I built a clickstream ingestion pipeline on AWS to familiarize myself with real-time data processing and analytics. The project connected API Gateway, Kinesis Data Firehose, Lambda, S3, Athena, and QuickSight into a working architecture for transforming, storing, and visualizing clickstream data.
Architecture Overview
The workflow was:
- Amazon API Gateway accepted HTTP POST requests from a simulated front end
- Amazon Kinesis Data Firehose ingested events and applied a Lambda transformation function
- Lambda (Python) reformatted records to ensure each event was written on a new line for downstream querying
- Amazon S3 stored the transformed data in JSON format
- Amazon Athena queried the ingested records using a partitioned schema
- Amazon QuickSight visualized the clickstream data with dashboards and charts
Clickstream ingestion pipeline diagram built with API Gateway, Firehose, Lambda, S3, Athena, and QuickSight using Cacoo.
IAM Policies and Roles
I set up execution roles and custom IAM policies to enforce least-privilege access:
- API-Firehose role: allowed API Gateway to call the
PutRecord
API on Kinesis Firehose - Firehose-S3 role: granted Firehose permission to deliver data into the S3 bucket
- Lambda Execution Role: enabled Lambda to process and log events to CloudWatch
Lambda Transformation
I created a Lambda function (transform-data
) from a Firehose blueprint in Python 3.8. Its responsibilities included:
- Decoding incoming Firehose records
- Appending newline characters to each event for proper row separation
- Re-encoding and returning transformed data back to Firehose
This ensured downstream tools like Athena could parse the dataset correctly.
Data Storage & Querying
- Amazon S3 served as the central storage layer, with data partitioned by date.

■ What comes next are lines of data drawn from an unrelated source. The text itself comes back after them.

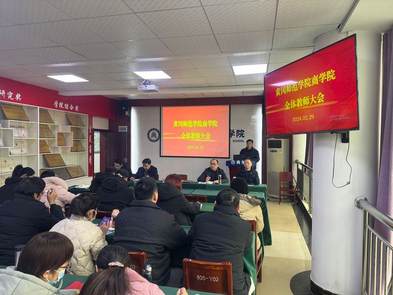 2024年2月29日,商学院在致远楼704召开2024年春季学期教职工大会。会议由学院党委书记刘汉成主持,全院教职工参加了会议。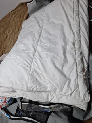 Nórdico para cama de 135cm. Hay que lavarlo pero porque se amarilla de estar guardado. No es sucio. Regalo funda nórdica. - Color blanco. - Material de poliéster y tela.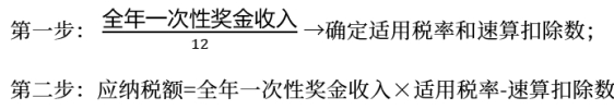 1.居民個人取得全年一次性獎金,在2027年12月31日前,可選擇不并入當年綜合所得,以全年一次性獎金收入除以12個月得到的數(shù)額,按照按月?lián)Q算后的綜合所得稅率表(簡稱“月度稅率表”,即“稅率表三”),確定適用稅率和速算扣除數(shù),單獨計算納稅。計算過程為: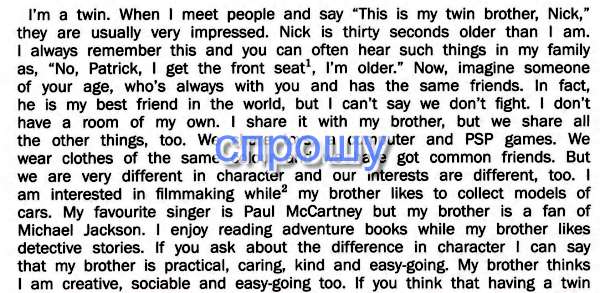 они обычно очень впечатлены. Ник старше меня на 30 секунд. Я всегда вспоминаю это и вы можете часто слышать такие вещи в моей семье как, "Нет, Патрик, Я займу переднее сиденье, Я старше.". Теперь представьте кого-то в твоём возрасте, кто всегда и у вас одинаковые друзья. По факту он мой самый лучший друг в мире, но я не могу сказать, что мы не дерёмся. У меня нет собственной комнаты, Я делю её со своим братом, но мы делим и другие вещи тоже. Мы делим игрушки, комп и игры для PSP. Мы носим одежду одинакового цвета и у нас общие друзья. Но мы очень разные по характеру и по интересам тоже. Я интересуюсь созданием кинофильмов, пока мой брат любит собирать модели автомобилей. Мой любимый певец-это Пол МакКартни, но мой брат фанат Майкла Джексона. Я наслаждаюсь чтением приключенческих книг, пока мой брат любит детективы. Если вы спросите про различия в характере, то я могу сказать, что мой брат практичный, заботливый, добрый и беззаботный. Мой брат думает, что я творческий, социальный, и тоже легкомысленный. Если вы думаете, что наличие брата-близнеца может очень сильно помочь в школе, то вы ошибаетесь, так как учителя хорошо знают всё насчет "близняшко-трюков". И мы с братом учимся настолько упорно, насколько можем. Я хорош в Математике, Географии и Истории, а мой брат хорош в Английском, Французском и Литературе. Так что, мы можем помогать друг другу во многом. По факту мы не забываем, мы близнецы и очень сильно заботимся друг о друге. Мой брат-близнец будет давать мне хорошие советы, потому что он меня знает лучше, чем кто-либо другой в мире.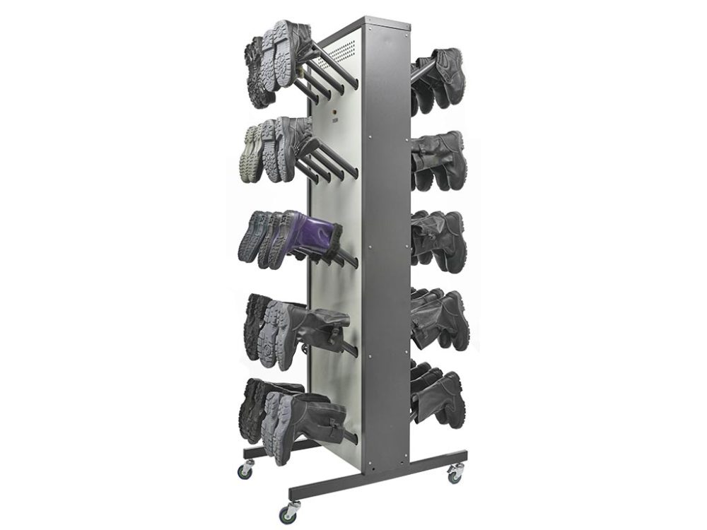 - Высокая производительность. Двухсекционная конструкция позволяет быстро и качественно сушить комплекты одежды, головных уборов, рукавиц, униформы, обуви и других предметов. Эффективная система вентиляции обеспечивает равномерное распределение тепла.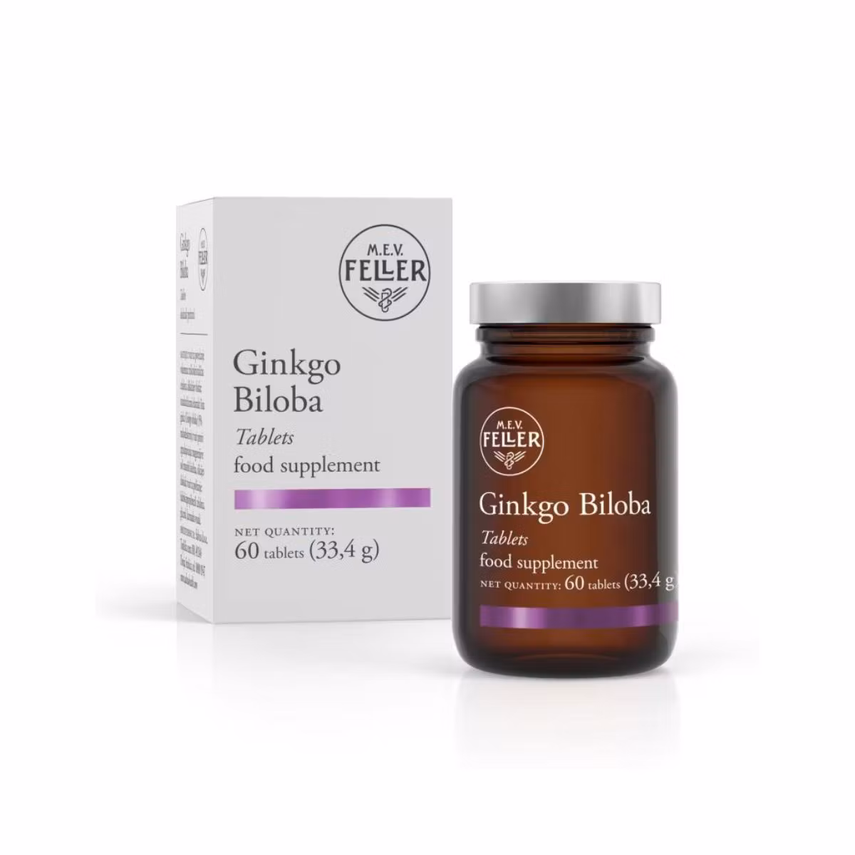 Suplementi ushqimor M.E.V. Feller Ginkgo Biloba përmban ekstraktin e gjetheve të Ginkgos të pasur me përbërës biologjikisht aktiv Glikozide Flavonoide, Laktone Triterpene dhe Proçididine. Ekstrakti i gjetheve të ginkgos kontribuon në qarkullimin normal, funksionet normale konjitive dhe mundësojnë nivelin më të lartë të funksionimit intelektual.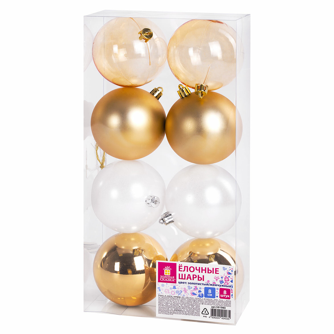 Набор шаров елочных Eden Colors, 8 см, 8 шт, золотистый/жемчужный, пластик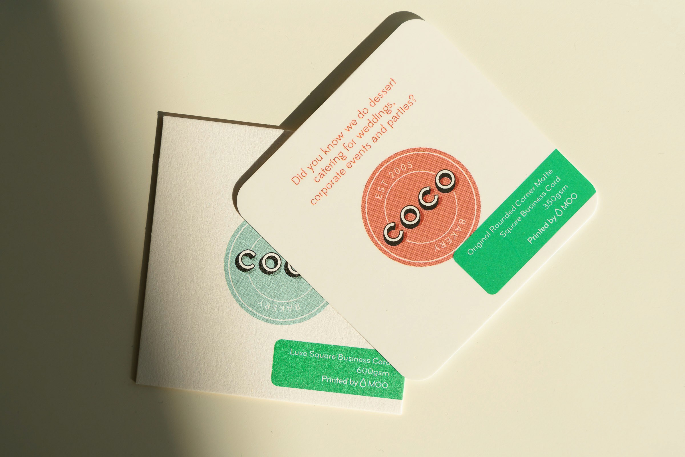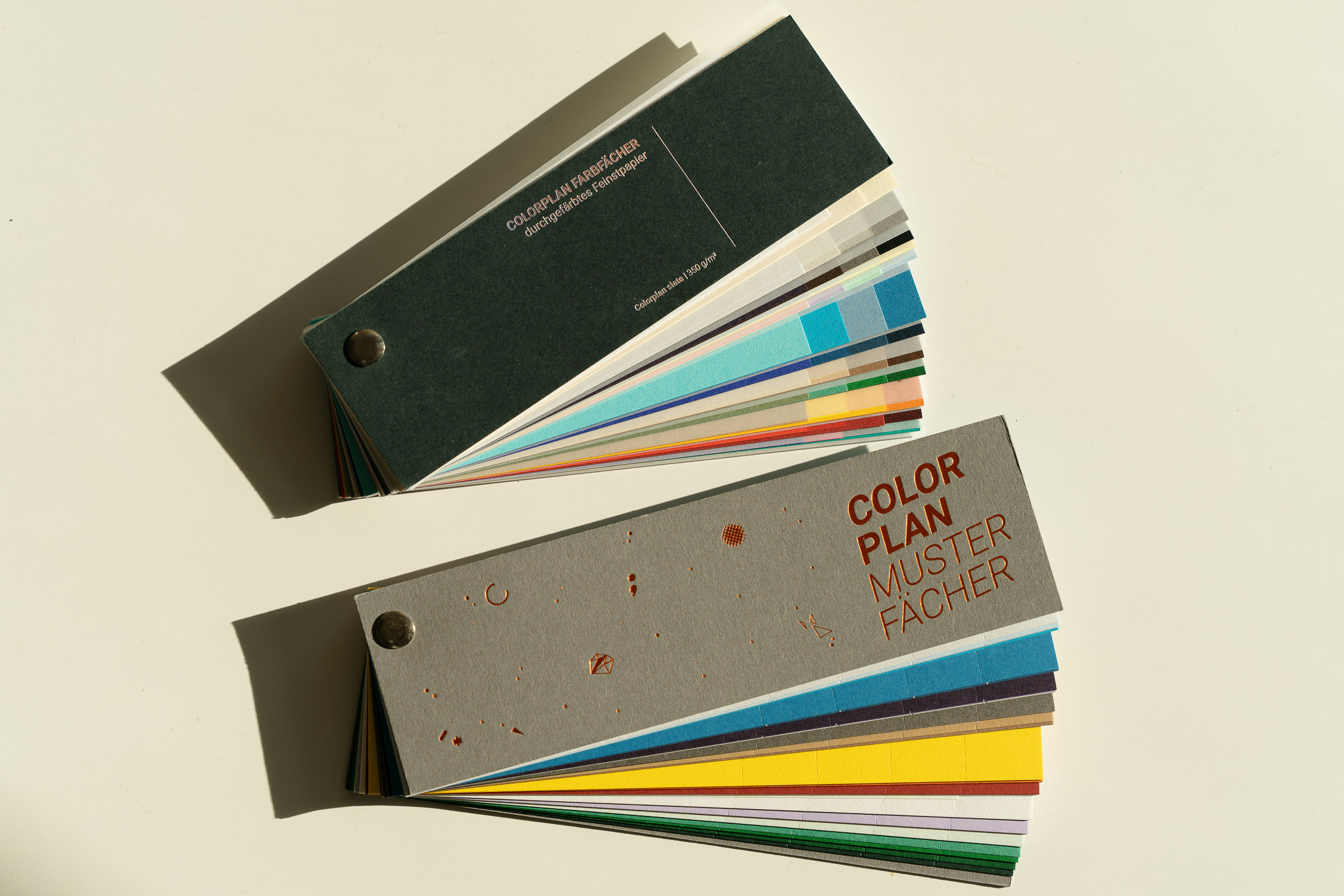 Farbe ist ein großer Bestandteil einer Markenidentität. Am besten wirkt sie, wenn das Papier selbst schon farbig ist, nicht nur der Druck. Die Colorplan Papiere von G.F Smith liebe ich, weil sie so eine breite Palette an satten, tiefen Farbtönen haben. Das Besondere an diesen Papieren ist, dass die Farbe durch das gesamte Papier geht, nicht nur die Oberfläche. Das bedeutet, auch der Schnitt der Karte hat Farbe. Kleine Details, die aber eine große Wirkung haben.

- Amazon Athena was configured with an external table mapping to the S3 bucket, using JSON SerDe for parsing.
- Ran queries such as
SELECT * FROM my_ingested_data;
to validate that clickstream events were stored and formatted properly.
Visualization with QuickSight
I connected QuickSight to Athena and created visualizations on the ingested clickstream data:
- Imported the Athena dataset into SPICE for faster analytics
- Generated charts (e.g., pie charts by
element_clicked
) to validate data distribution - Explored different visual types for analyzing clickstream patterns
Testing & Verification
I simulated clickstream events by posting JSON payloads through API Gateway (e.g., element_clicked
, time_spent
, restaurant_name
, created_at
).
- Verified status
200
responses from API Gateway → Firehose integration - Confirmed transformed data in S3 partitions
- Queried results successfully in Athena
- Built dashboards in QuickSight for end-to-end validation
Takeaways
This project helped me strengthen my skills in real-time data pipelines on AWS. I learned how to:
- Integrate API Gateway, Firehose, Lambda, S3, Athena, and QuickSight into a connected architecture
- Implement data transformation within Firehose using Lambda
- Manage IAM roles and bucket policies to enable service-to-service permissions
- Use Athena for serverless querying of JSON data
- Build lightweight QuickSight dashboards for interactive visualization
Overall, this was valuable practice in building a streaming ingestion workflow and connecting multiple AWS services into a functional, serverless analytics pipeline.